James Price, partner at Knight Frank, believes Four Seasons “sits at the top of the pile”, justifying the 10 per cent insignia price hike he estimates Tornabuoni’s apartments accrue. He adds that the mark-up for hotel residences in less established spots can be a lot higher: “We sold some units at a Four Seasons development in Marrakech when it was becoming fashionable five or six years ago, which definitely drove a 30 to 40 per cent premium to the market there.”
Giles Hannah, senior vice president of Christie’s International Real Estate, estimates that buying “label” adds around 20 per cent to the price of a property, due to “five key elements: services, architecture, interior design, security and facilities. On top of those, you have the brand itself.”
By way of illustration, at Swiss Development Group’s Du Parc Kempinski Private Residences on Switzerland’s Vaud, a Rolls-Royce Phantom glides owners to and from the airport, a 650sq m Givenchy spa can soothe them on arrival, a Davidoff Cigar Connoisseur’s Lounge offers an alternative form of relaxation, while Quintessentially wine cellars supply the table – all thoughtfully provided by Rockefeller Living, the Du Parc homeowner’s club.
The 1907 Belle Epoque landmark building is set in parklands among the Unesco vineyards of Lavaux, overlooking Lake Geneva, and is a five-minute walk from the Le Mirador Kempinski Hotel. Sales launched in spring 2010; of the 24 residences, 11 are still available ranging from 200sq m to 690sq m (starting at about £4.1m); three 500sq m to 700sq m penthouses (£14.5m to £16.4m) are yet to be released. Service charges are 0.8 per cent of the purchase price.

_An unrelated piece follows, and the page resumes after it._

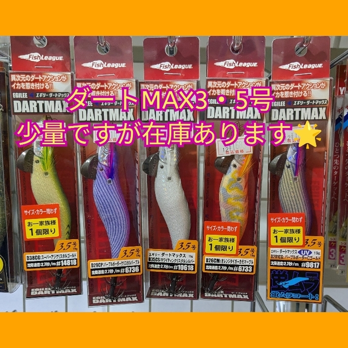 少数ですがなかなか入手できないエギとなっておりますので欲しいお客様はお早めにご来店下さい(*^^*)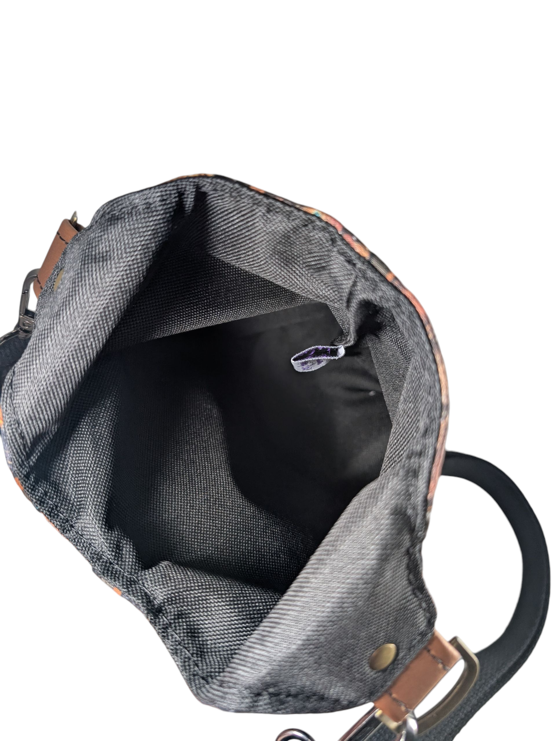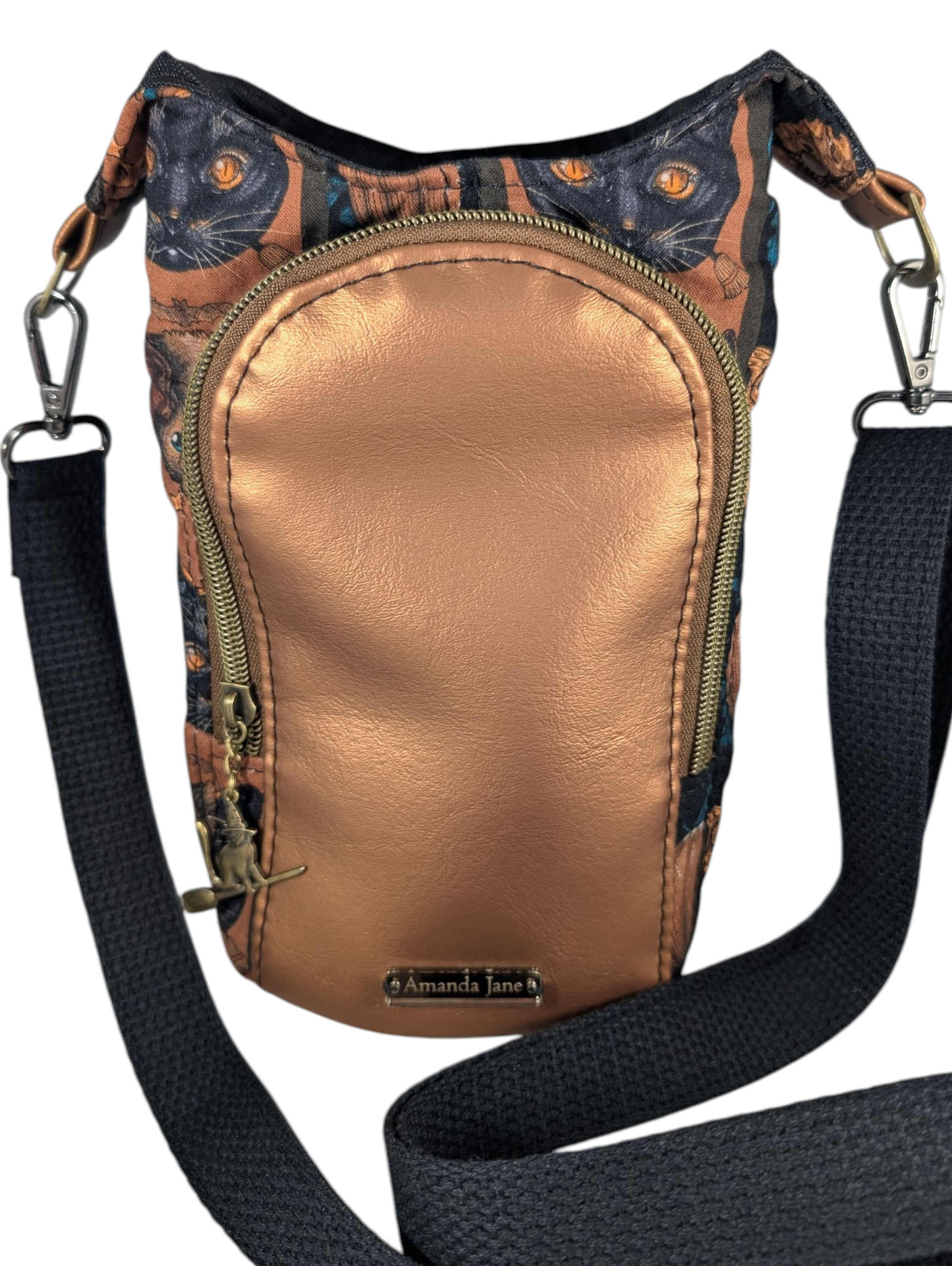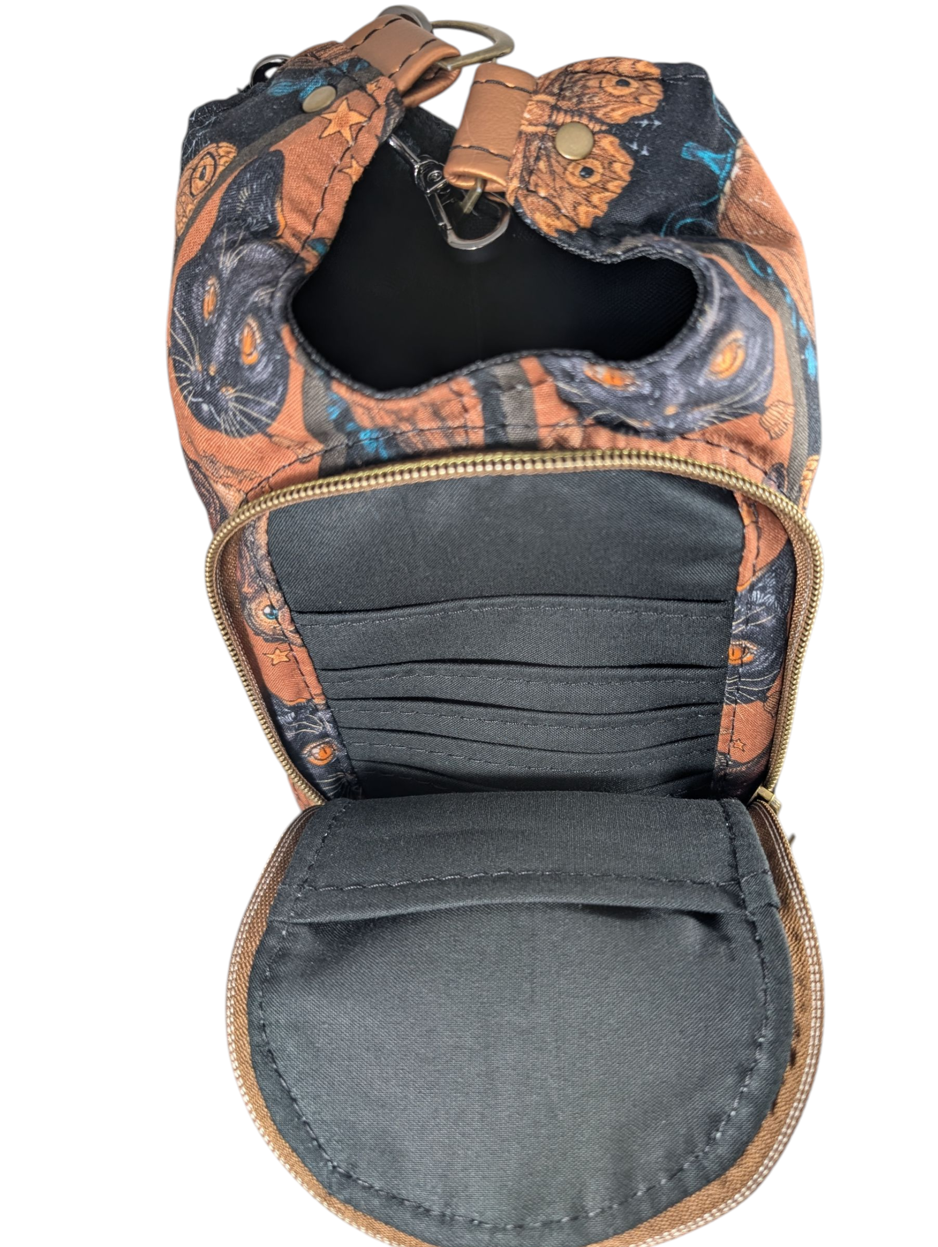 Lots of love and time was put into this! It has an awesome main fabric that has a bat and cat print on it. There is a glossy brown vinyl bottom and front zipper pocket. The inside has a black waterproof canvas. The front zipper panel has a space for four cards and a slip pocket behind it made with black fabric. The other side of the zipper pocket has a slip pocket for a phone. It has a detachable adjustable crossbody strap made with cotton webbing.

Further south in the Valais region, in Leukerbad -– where the mountain’s thermal waters have bubbled at 51 degrees since Roman times -– SDG is also working with Kempinski on 51 Degrees Spa Residences, due to open in winter 2013-14. Designed by Michael Graves, and echoing North American “parkitecture”, with a retro/contemporary blend of stone and timber, there will be 28 residential apartments from 125sq m to about 230sq m (from £1.9m) available.

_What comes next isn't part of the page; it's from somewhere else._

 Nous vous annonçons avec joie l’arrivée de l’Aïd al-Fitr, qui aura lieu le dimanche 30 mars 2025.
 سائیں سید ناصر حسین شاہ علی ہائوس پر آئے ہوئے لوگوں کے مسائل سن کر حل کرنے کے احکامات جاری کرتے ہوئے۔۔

The 800sq m hotel spa will have 200 treatments on its menu, and plans for a possible two private spa-suites, which can be rented by the hour, along with dining facilities and a children’s play area. But for a quiet night in, what could be more wonderful than to retreat to one’s own wraparound terraces with open fires and “moon baths”, in which one can heal in one’s personal supply of thermal waters, against a backdrop of the Daubenhorn?